By NERIMA WAKO-OJIWA

We need to debunk this myth that activists are superhuman and have all this time and money to worry about citizens.

A good number of them are poverty-stricken, suffer from depression, and are not even acknowledged for their hard work, the security risks that they subject their families to, the daily battle of denying themselves a “normal life” in pursuit of creating an environment that is liveable for strangers.

The path that they have chosen is one that they must walk for life. Because they are constantly pushing for change in the community, it is not uncommon for people to approach them and ask, “Where have you been?” whenever they go silent for a few months, “You have been so silent these days, I don’t hear or see you anymore.” “You should continue to do what you are doing, it is good and needed.”

Activists are often tied to a full-time role without a single penny of pay and forced to remain in that box, come rain or shine.

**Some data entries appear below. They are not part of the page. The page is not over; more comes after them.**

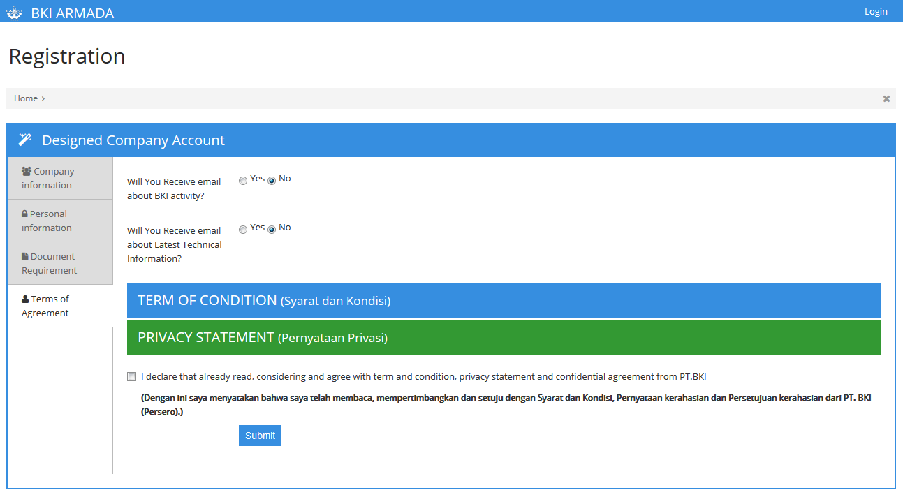 Aplikasi yang telah diisi lengkap di submit ke Server BKI. BKI akan memberikan jawaban via e-mail atas pengajuan aplikasi yang
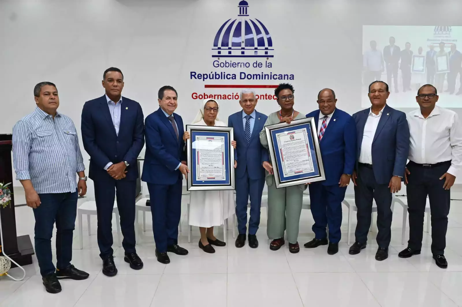 También la Gobernadora Nelsy Milagros Cruz Martínez; el Diputado Rosendy Polanco, la diputada electa Johanny Martínez; el comandante de la 4ta. Brigada del ERD, Paino Chocaban Perdomo; familiares y amigos de los reconocidos, entre otros.
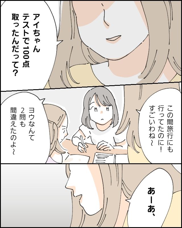 ある日「アイちゃん、テストで100点取ったんだって?この間旅行にも行ってたのに!すごいわね~。ヨウなんて2問も間違えたのよ~」ヨウちゃんのママはそう言った後で「あーあ、」とため息をつきました。
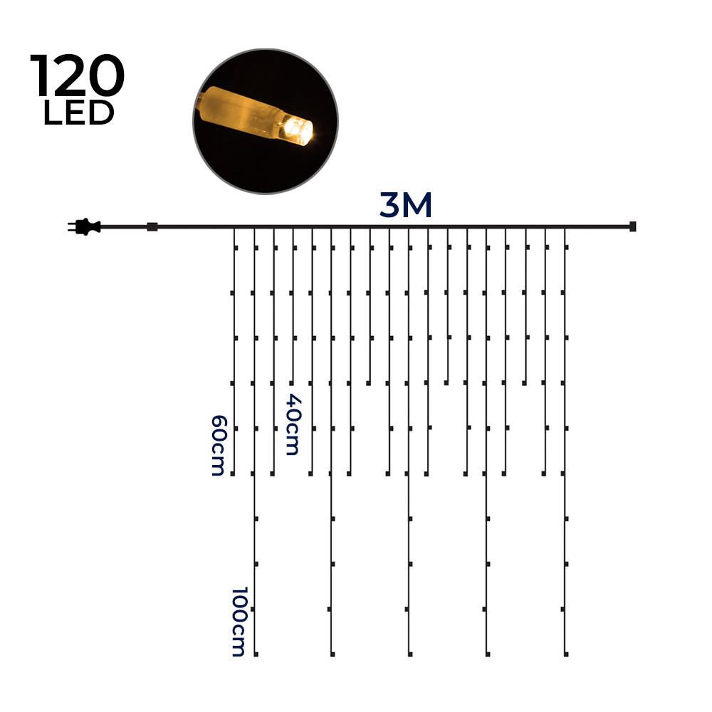 La nostra tenda luminosa LED rappresenta una soluzione all'avanguardia per chi desidera arricchire gli spazi esterni con un'illuminazione che sia al tempo stesso funzionale e di grande impatto visivo. Questo prodotto unisce stile, tecnologia e versatilità, offrendo una luce gialla calda capace di creare un'atmosfera accogliente e festiva in giardini, balconi, terrazzi o durante eventi all'aperto. La tenda è composta da 120 luci LED di colore giallo, disposte lungo cavi pendenti di diverse lunghezze (40, 60 e 100 centimetri), garantendo così una distribuzione della luce omogenea e spettacolare su un'area di 3 metri. Realizzata con filo di rame placcato in argento e rivestita in PVC, questa tenda luminosa non solo assicura una grande durabilità e resistenza agli agenti atmosferici, ma è anche conforme al grado di protezione IP44, il che la rende particolarmente adatta all'uso esterno. Il design dei cavi, di colore bianco, è pensato per integrarsi perfettamente con l'ambiente circostante, mantenendo un'estetica elegante e minimale che non passa inosservata. Grazie alla tecnologia LED Reflex F8, la nostra tenda luminosa garantisce un'illuminazione di qualità superiore, con un consumo energetico ridotto. Questo significa poter godere di lunghe serate all'aperto illuminati da una luce calda e accogliente, senza preoccuparsi dell'impatto sulla bolletta elettrica. La modalità di illuminazione può essere impostata su fissa o intermittente, permettendo di variare l'effetto luminoso in base all'occasione o all'atmosfera desiderata. L'installazione è semplice e immediata, grazie all'attacco Spina Schuko e al cavo di alimentazione di 1,5 metri. Inoltre, è possibile collegare fino a 10 unità insieme, consentendo di coprire anche aree estese senza la necessità di ulteriori prese elettriche. Questa caratteristica rende la nostra tenda luminosa LED estremamente versatile e adatta a svariate applicazioni, dalla decorazione domestica alle grandi celebrazioni all'aperto. La distanza tra i LED di 10 cm è studiata per offrire una distribuzione della luce equilibrata, creando effetti visivi mozzafiato che valorizzano ogni spazio. Che si tratti di una serata relax nel proprio giardino, di una festa tra amici o di un evento speciale, questa tenda luminosa LED è in grado di trasformare qualsiasi ambiente esterno in un luogo magico e invitante. Il nostro impegno nella ricerca di soluzioni illuminotecniche avanzate ci ha permesso di sviluppare un prodotto che combina efficacemente efficienza energetica, resistenza e bellezza estetica. Con la nostra tenda luminosa LED per esterni, offriamo non solo un oggetto di design, ma una vera e propria esperienza illuminotecnica che arricchisce le serate all'aperto, creando ambienti unici e memorabili. In conclusione, la nostra tenda luminosa LED rappresenta la scelta ideale per chi cerca una soluzione illuminotecnica di alto livello, capace di unire funzionalità e stile. Grazie alla sua versatilità, qualità dei materiali e facilità di installazione, è perfetta per illuminare e decorare qualsiasi spazio esterno, rendendolo accogliente e suggestivo. Illumina le tue serate all'aperto con un tocco di magia e raffinatezza, scegliendo la nostra soluzione di illuminazione di prima classe
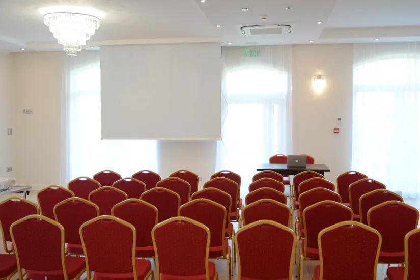 Na wyposażeniu sali jest klimatyzacja, zaciemnienie regulowane, dostęp do światła dziennego, nagłośnienie, internet wi-fi, scena / podest, projektor, ekran wbudowany, tv / monitor lcd, mikser audio.

It is often amusing that people get so used to knowing that a particular individual is “fighting” for a particular right, that it belongs to them.

When we heard about the increase in VAT a lot of people went on Twitter to ask, “Where is Raila on this?” As if it were a well-known secret that he fights for the downtrodden and needs to step up to the plate and represent them in time of need; besides, this is his job!

This is the thing, people are great at giving advice that has not been asked for and that they never follow themselves.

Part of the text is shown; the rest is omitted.